The bench of judicial member Rajeshwara Rao Vittanala and technical member Ravikumar Duraisamyapproved a one-time settlement (OTS) as agreed to by Kamineni Steel & Power, a Hyderabad-based corporate debtor, as part of a resolution plan cleared by a group of creditors with 66.67 per cent voting power.
Speaking to Business Standard on the verdict, V K Sajith, an advocate for Indian Bank that had backed the resolution plan, with four other lenders, said the bench had gone beyond only the interests of corporate debtor and corporate creditors, as the plan involved possible rehabilitation of 450 workers.
Indian Overseas Bank, Central Bank of India and Bank of Maharashtra, with a combined 29.12 percent voting power, had resisted the resolution plan, citing the 75 per cent vote share
The bench rejected this. “The dissenting bankers appear to have been guided by 75 per cent as prescribed under Section 30(4), rather than any policy or Reserve Bank of India
(RBI) guidelines in that regard.

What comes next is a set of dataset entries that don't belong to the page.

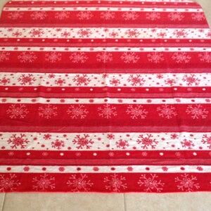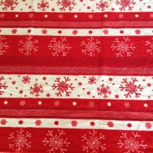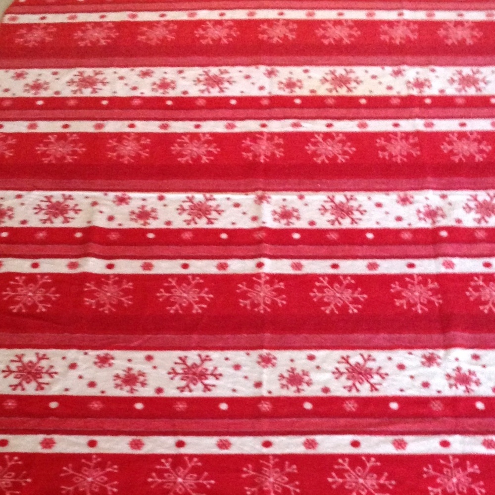 Red throw/lap blanket with large and small snowflake designs. 100% polyester. 58"long x 50" wide. Fun for holidays or any decor. Very soft and very lightweight.
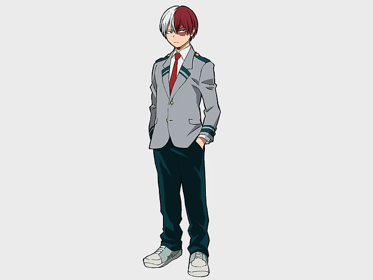 Шото Тодороки – 16-ти летний герой ростом 176 см и сын знаменитого Пламенного Героя: Старателя. Обладая Причудой «лёд-и-пламень», может одновременно манипулировать огнем и льдом, что позволяет замораживать противников, создавать ледяную броню и стену, а также использовать огненные атаки. Шото выделяется впечатляющим телосложением и гетерохромией – его левый глаз бирюзового цвета, а правый — серый, что придает особый вид. Он занимает 5 место в классе 1-A и продемонстрировал свои способности на спортивном фестивале, заняв 2 место после Кацуки Бакуги. Специальный костюм помогает оптимизировать использование обеих сторон Причуды в бою, делая его одним из самых многообещающих героев нового поколения.
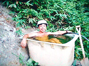源泉からひっぱったホースからは18リットル/分のお湯がとめどなく吹き出る。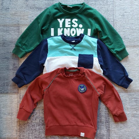 Flera olika tryck (3 av tryck bilderna på tröjorna är suddiga) och enfärgade varianter. Passar som vardagströjor eller under tröja/ytterplagg. Tröjorna har rund hals och är anpassade för småbarn i storlek 92.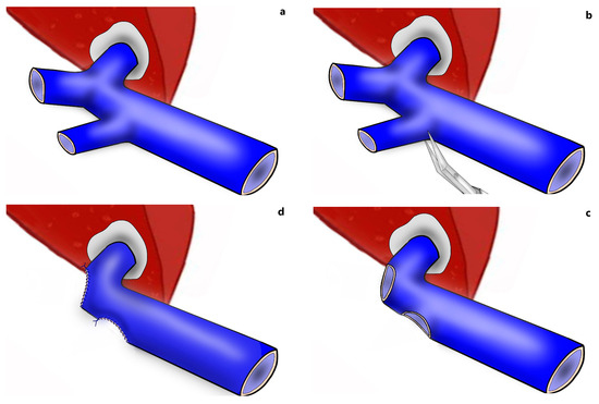 When a narrowed remnant portal vein segment is detected following closure of the right portal vein stump (Figure 1b–d), vascular clamps are placed both proximal and distal to the narrowed portal vein segment. Then, the sutures in the narrowed portal vein segment were removed. In type C anomalous portal venous branching cases, the sutures in both portal venous stumps leading to the right lobe were removed (Figure 2a). The venous bridge between both lumens was cut (Figure 2b,c) and turned into one lumen (Figure 2d,e). When viewed from the front and right sides, the venous opening generally appears as a longitudinal oval shape along the portal vein axis. Two corner sutures are placed 0.5 cm inferior of the upper pole of this oval structure (Figure 3a). The oval shape has now turned into a rectangular shape. The sutures used are 7/0 or 8/0 polypropylene. After checking endothelial integrity, a cryopreserved patchy venous graft was cut to the appropriate size on the back-table. At this stage, we usually cut the venous patch in accordance with the upper corners and start suturing the parts between the corner sutures at the most difficult point. When approaching the inferior poles, the venous patch is trimmed again to suit the portal venous opening. All-round suturing of the venous patch is completed (Figure 3b). It is confirmed that the venous patch applied to the portal venous elbow by removing portal venous clamps widens the stenosis satisfactorily (Figure 4a,b). After this stage, one more check is made with intraoperative Doppler ultrasonography.

Section 30(4) merely states that the Resolution Plan may be approved by a vote not less than 75 per cent of voting share of the financial creditors. It did not say whether such percentage is out of the total voting share of the financial creditors or those present during meetings of the respective COC (committee of creditors) of financial creditors. Since the IBC is a new Code and still evolving, the above percentage has to be read with various circulars issued by RBI, regulator for the banking sector,” the bench said in a 100-page judgement.
The registry was told to send a copy of the order to the RBI
governor. The bench approved the OTS presented by the Resolution Professional, based on the consent of five financial institutions —Indian Bank, JM Financial Asset Reconstruction Company, Allahabad Bank, Andhra Bank and Oriental Bank of Commerce.

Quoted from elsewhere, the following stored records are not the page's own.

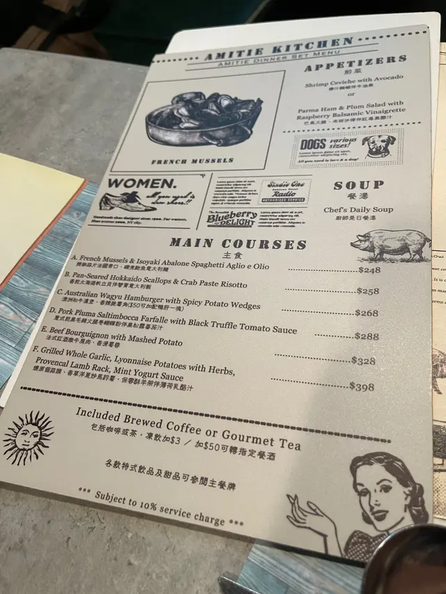 黎到見裝修簡約有法式feel,環境舒適,非常適合拍拖或聚會。我哋點咗一個煎豬扒,另外一份大蝦配墨汁意大利飯,最尾留肚特登點埋佢個蜜瓜哈密瓜沙冰。值得講兩份煮食嘅擺盤都好靚,啱晒溝女,份量都夠男仔食,味道唔錯添,食得出係西式西餐唔係港式西餐。個冰酒好啱打卡,又似蛋糕嘅特別呢度嘅服務都好值得一讚,店員親切又友善,令整個用餐體驗更加愉快。平時晏晝嚟Hea下都得。夜晚嚟拍拖就再適合啲如果經過荔枝角想食好啲嘅西餐就嚟試吓啦!…查看更多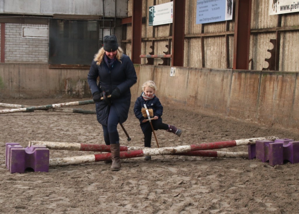 Met de teugels in de ene hand en de stok in de andere, springen de ruiters over hindernissen en maken dressuur pasjes. Het zijn stokpaardrenners. Tijdens deze twee dagen was het gezellige maar ook leerzame dag.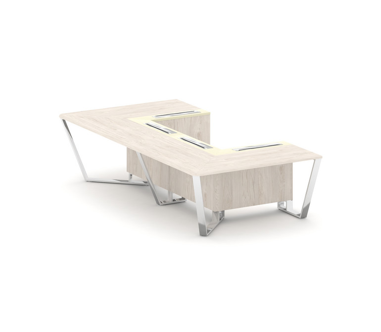 Steel Meet Стол переговорный П-образный MM-PR.B.SP-07P Денвер Светлый/Ваниль Глянец/Нержавеющая Стал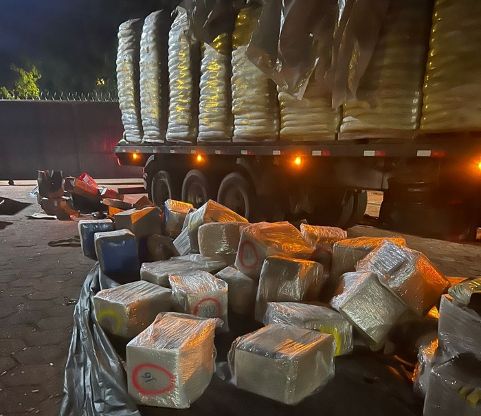 A ação ocorreu em um barracão onde funciona uma empresa, local em que as equipes flagraram o momento em que a droga era inserida no meio de uma carga de fertilizantes transportada por um caminhão. Quando o veículo deixava o local, os policiais realizaram a abordagem e prenderam dois suspeitos; um terceiro conseguiu fugir.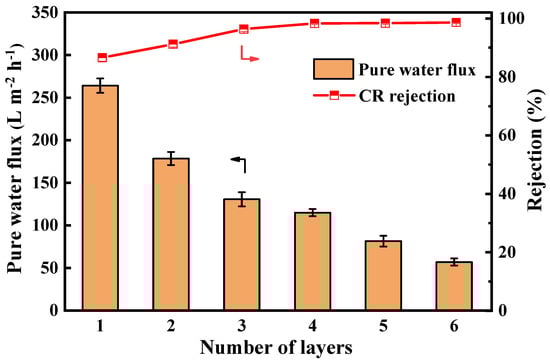 The filtration performance results of membranes with different numbers of assembled layers are shown in Figure 7. Pure water flux decreased exponentially from 264 L·m−2·h−1 (1 layer) to 57 L·m−2·h−1 (6 layers), reflecting progressive active layer densification. The rejection rate of CR by the LNF membrane increased from 86.6% to 98.7%. This improvement is attributed to the assembly of TA and Lys, which forms a thicker and denser active layer on the membrane surface and enhances its negative surface charge. The combined effects of electrostatic repulsion and size exclusion contribute to the enhanced retention of the anionic dye CR. Comprehensively considering the water flux and dye rejection, the assembly layer was four layers in the following experiments. The pure water permeability of the nanofiltration membrane prepared under this condition was 115 L∙m−2∙h−1, and the rejection rate of CR was 98.3%.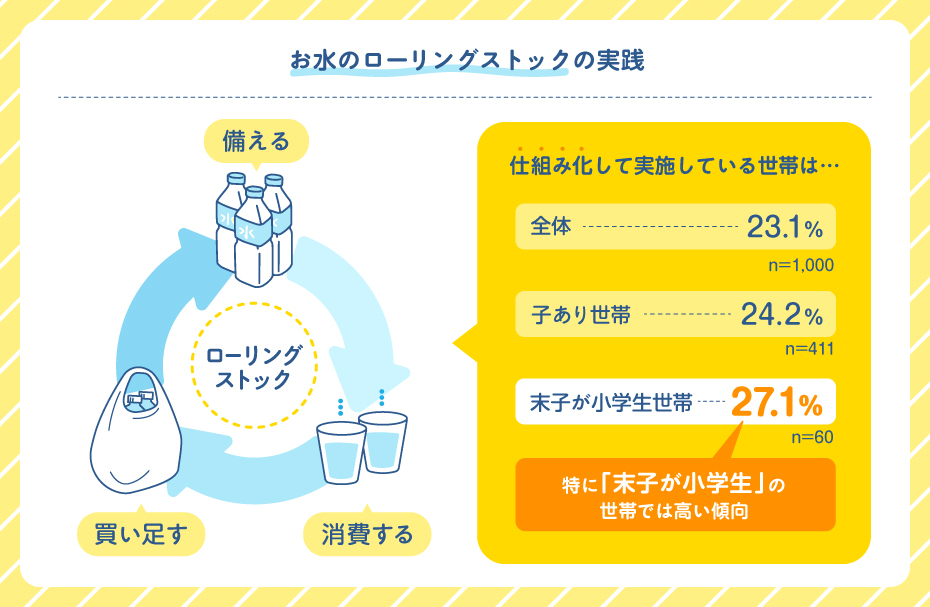 日常の中で使いながら備えるローリングストック。便利な方法ですが、実際に習慣化できている人はどれくらいいるのでしょうか。アンケート調査から、お水のローリングストックの実態を確認してみましょう。
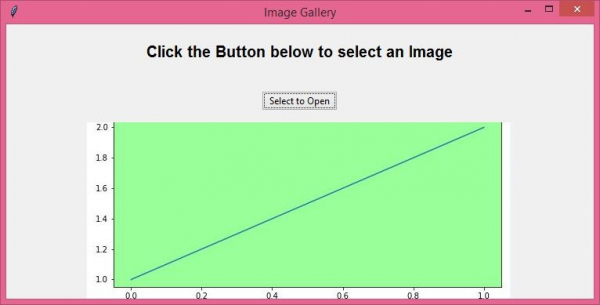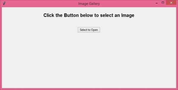 #Import the Tkinter library from tkinter import * from tkinter import ttk from tkinter import filedialog from PIL import Image, ImageTk #Create an instance of Tkinter frame win= Tk() #Define the geometry win.geometry("750x350") win.title("Image Gallery") def select_file(): path= filedialog.askopenfilename(title="Select an Image", filetype=(('image files','*.jpg'),('all files','*.*'))) img= Image.open(path) img=ImageTk.PhotoImage(img) label= Label(win, image= img) label.image= img label.pack() #Create a label and a Button to Open the dialog Label(win, text="Click the Button below to select an Image", font=('Caveat 15 bold')).pack(pady=20) button= ttk.Button(win, text="Select to Open", command= select_file) button.pack(ipadx=5, pady=15) win.mainloop()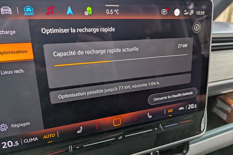 Une batterie trop froide peut aussi entraîner une surconsommation inévitable en hiver. Pour délivrer les meilleures performances, certaines batteries disposent d’un système de régulation thermique réchauffant un peu plus vite les cellules en roulant. Le système existe, mais nous n’en avons jamais observé ni chiffré ce type d’activité. A contrario, le préconditionnement avant une recharge rapide est davantage utilisé en hiver. Mais la consommation du système n’est pas aussi importante que l’on croit : on compte en moyenne une consommation de 1,6 kWh pour un gain de 10 °C dans la batterie. Autre point de vue avec nos mesures réalisées lors de notre Supertest 0 °C du Skoda Elroq : sur un trajet autoroutier de 500 km par 0 °C, l’utilisation du préconditionnement avant les deux pauses recharge se traduit par une surconsommation de 0,8 kWh/100 km à la fin du trajet. Soit à peine 10 km d’autonomie totale en moins. Notons ici que le préconditionnement permet d’accélérer le temps de recharge rapide, mais là encore, les gains ne sont pas aussi significatifs sur le 10-80 %. Voici un exemple d’un cycle de préconditionnement avec le Skoda Elroq.

Kamineni had shut down the operations of its plant in Nalgonda district of Telangana, owing to financial and other difficulties. Noting its willingness to implement the resolution plan, the NCLT
bench observed a recommencing of operations would increase manufacturing activity in the area and save the livelihood of around 450 workers and their kin. The bench relied on RBI
guidelines pertaining to the mechanism of a Joint Lenders Forum to uphold the resolution process endorsed by the five corporate creditors. According to RBI’s guidelines, if 60 per cent of the creditors by value and 50 per cent by number approve a plan, this will bind the other lenders.
“Considering the RBI
circular, though 75 per cent of the lenders in value did not approve the revised OTS Scheme, considering the entire issue in its totality i.e revival of a relatively new company, started with an investment of Rs 1,400 crore, to renew employment opportunities both direct and indirect, contribution to state and central exchequer, to GDP, etc, (we) approve the Revised OTS, since a majority of the lenders, also being public sector banks, and even a private sector ARC (asset reconstruction company) have approved,” the bench said.